Records contained in a dataset:
▼▼▼
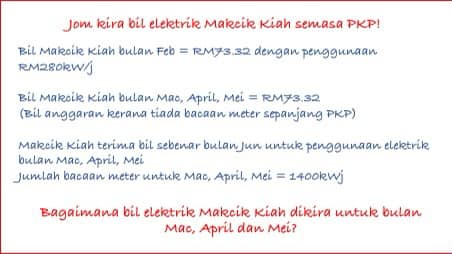 Perkongsian ini telah pun dibuat oleh seorang pengguna Facebook, Noor Afifah yang juga memberi contoh pengiraan bagaimana bil elektrik dikira. Menurut pandangannya lagi, kebanyakan pengguna di rumah menggunakan elektrik dalam tempoh PKP melebihi kebiasaannya. Maklum saja semua orang kena duduk di rumah 24 jam sehari.
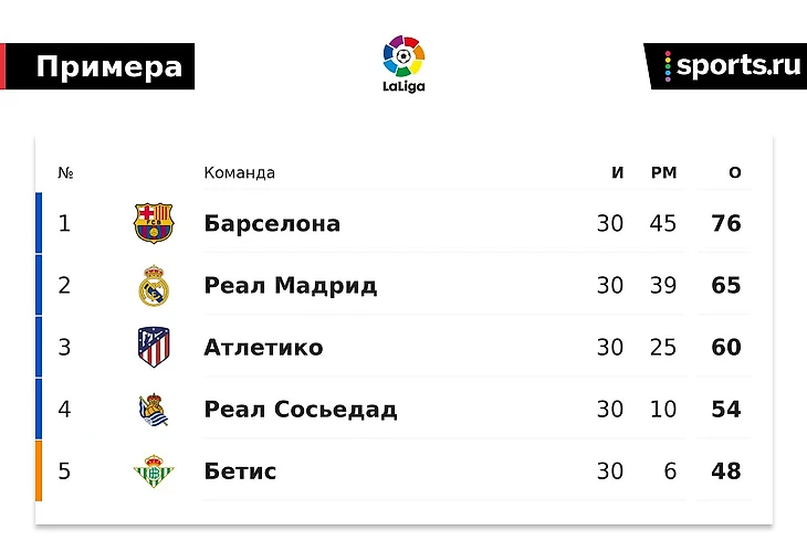 У мадридцев было 13 матчей без поражений – пока команда Диего Симеоне не приехала на «Камп Ноу». «Барса» выиграла 1:0 и упрочила шансы на чемпионство. «Атлетико» по сути гарантировал себе топ-4 и еще может побороться с «Реалом» за серебро.
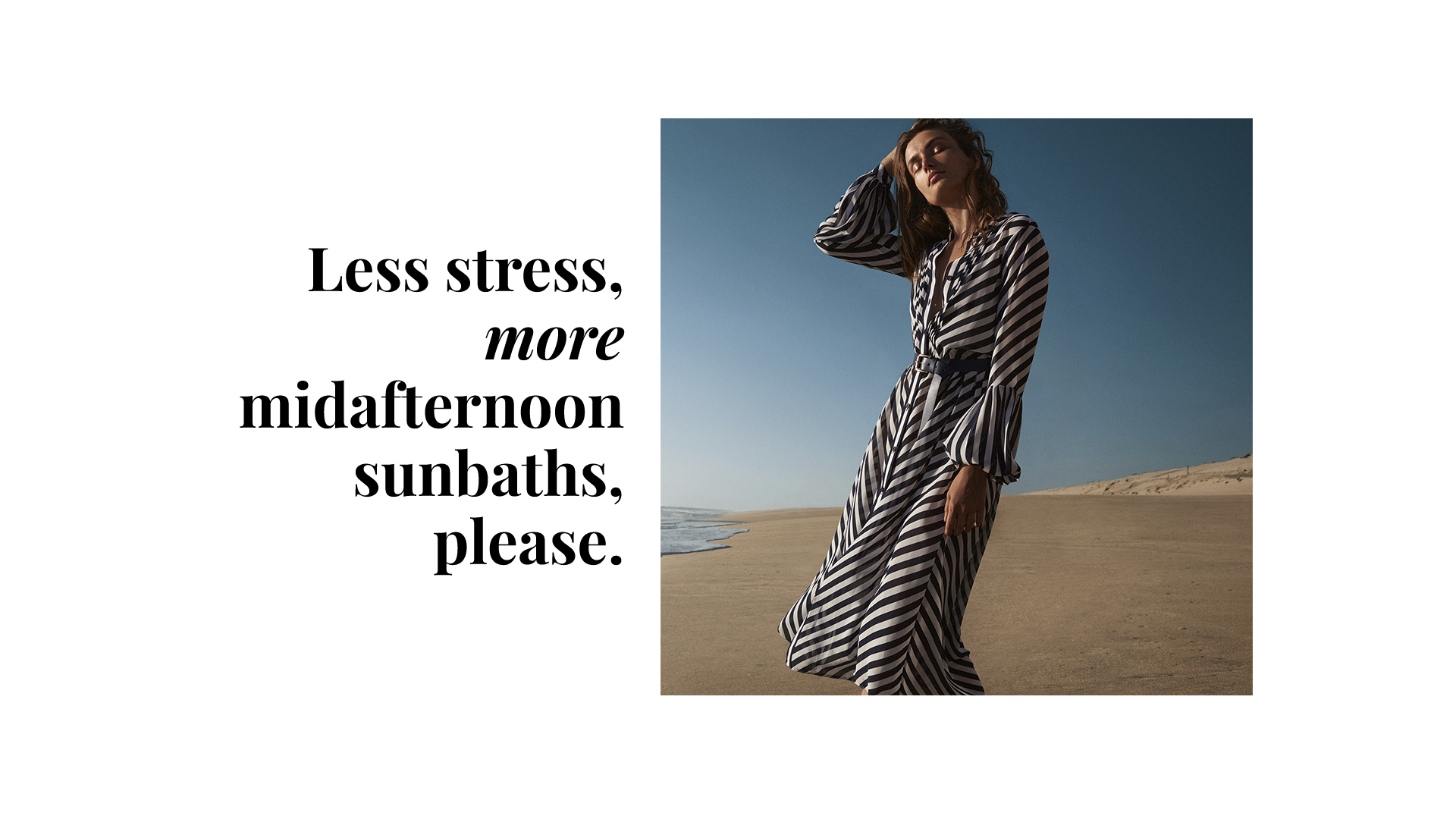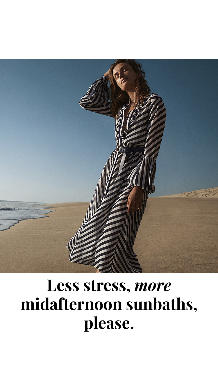 Go for pieces that can be dressed up or down to make your vacation wardrobe stretch further: This super-romantic floral shirtdress is low-key cool at its best with flats and a messy updo, or you can add a wide belt and clutch to hit the town. Wear a nautical-stripe dress on its own for lazing by the infinity pool all afternoon (frosé in hand, iPhone off). Then belt it and add platform heels for dinner in the town square by moonlight.
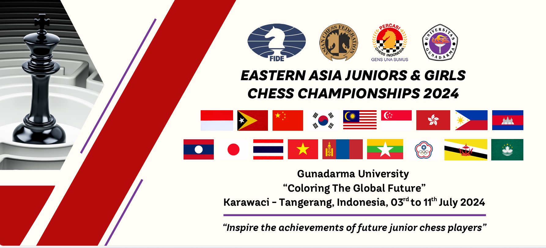 The Indonesian Chess Federation under the auspices of the Asian Chess Federation (ACF) and FIDE, have the honour of inviting participants from National Chess Federations in the region to participate in the Eastern Asia Juniors and Girls Chess Championships 2024 scheduled from the 3rd of July to the 11th of July 2024 at the Ballroom of Gunadarma University, Karawaci-Tangerang, Indonesia.
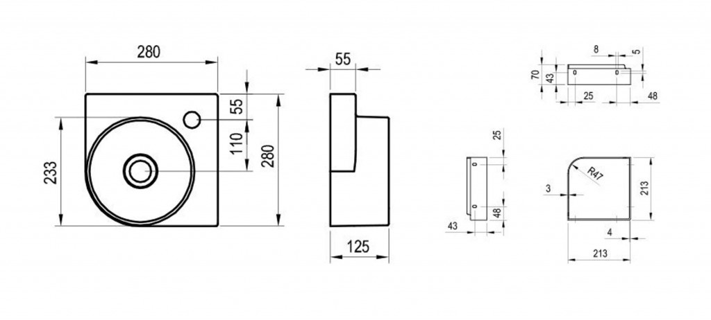 Konzole a kryt odtoku nejsou součástí dodávky, je nutné objednat zvlášť.
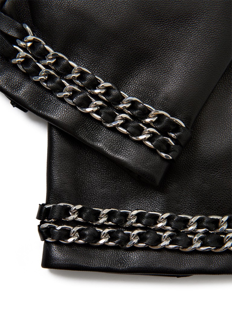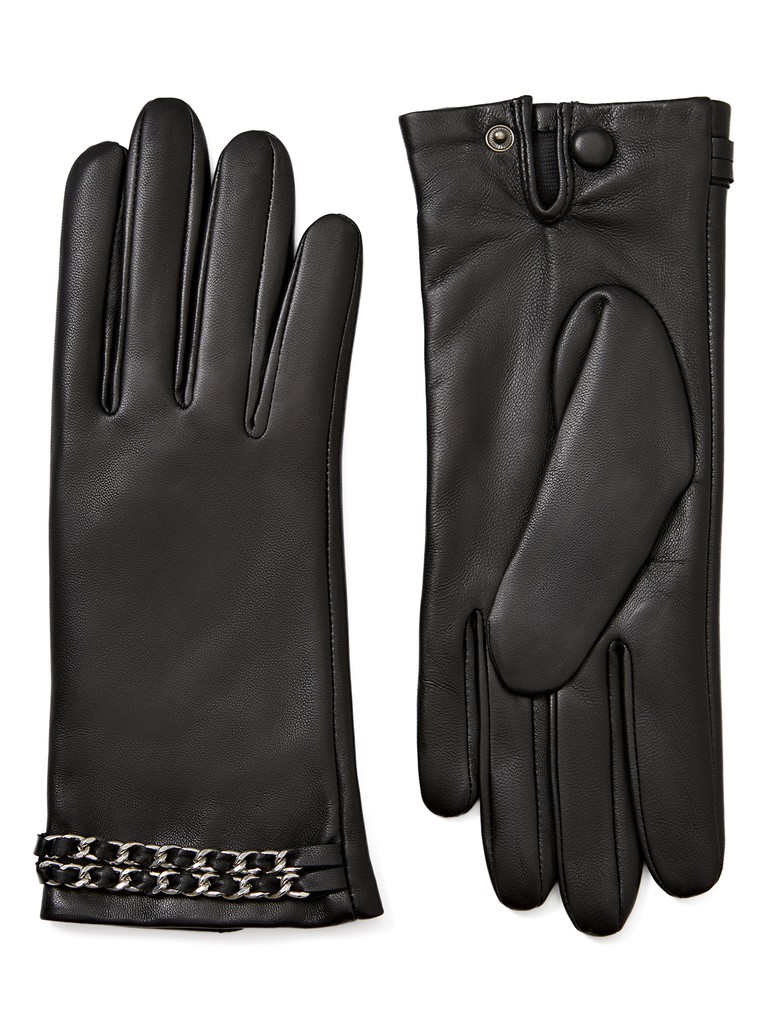 Перчатки женские торговой марки LABBRA из высококачественной кожи ягненка на подкладе из нежного шелка. Изделие деликатно дополнено декоративной отделкой, напоминающей браслет с вплетенным в звенья кожаным шнурком. Модель со средней длиной пальцев и длиной манжеты от нижней точки большого пальца до края перчаток - 6 см.
▲▲▲
AIM OF THE EXERCISE ▸ Word for word, restate each line above, minus its pictures.

ANSWER SPACE ▸
 Perkongsian ini telah pun dibuat oleh seorang pengguna Facebook, Noor Afifah yang juga memberi contoh pengiraan bagaimana bil elektrik dikira. Menurut pandangannya lagi, kebanyakan pengguna di rumah menggunakan elektrik dalam tempoh PKP melebihi kebiasaannya. Maklum saja semua orang kena duduk di rumah 24 jam sehari.
 У мадридцев было 13 матчей без поражений – пока команда Диего Симеоне не приехала на «Камп Ноу». «Барса» выиграла 1:0 и упрочила шансы на чемпионство. «Атлетико» по сути гарантировал себе топ-4 и еще может побороться с «Реалом» за серебро.
 Go for pieces that can be dressed up or down to make your vacation wardrobe stretch further: This super-romantic floral shirtdress is low-key cool at its best with flats and a messy updo, or you can add a wide belt and clutch to hit the town. Wear a nautical-stripe dress on its own for lazing by the infinity pool all afternoon (frosé in hand, iPhone off). Then belt it and add platform heels for dinner in the town square by moonlight.
 The Indonesian Chess Federation under the auspices of the Asian Chess Federation (ACF) and FIDE, have the honour of inviting participants from National Chess Federations in the region to participate in the Eastern Asia Juniors and Girls Chess Championships 2024 scheduled from the 3rd of July to the 11th of July 2024 at the Ballroom of Gunadarma University, Karawaci-Tangerang, Indonesia.
 Konzole a kryt odtoku nejsou součástí dodávky, je nutné objednat zvlášť.
 Перчатки женские торговой марки LABBRA из высококачественной кожи ягненка на подкладе из нежного шелка. Изделие деликатно дополнено декоративной отделкой, напоминающей браслет с вплетенным в звенья кожаным шнурком. Модель со средней длиной пальцев и длиной манжеты от нижней точки большого пальца до края перчаток - 6 см.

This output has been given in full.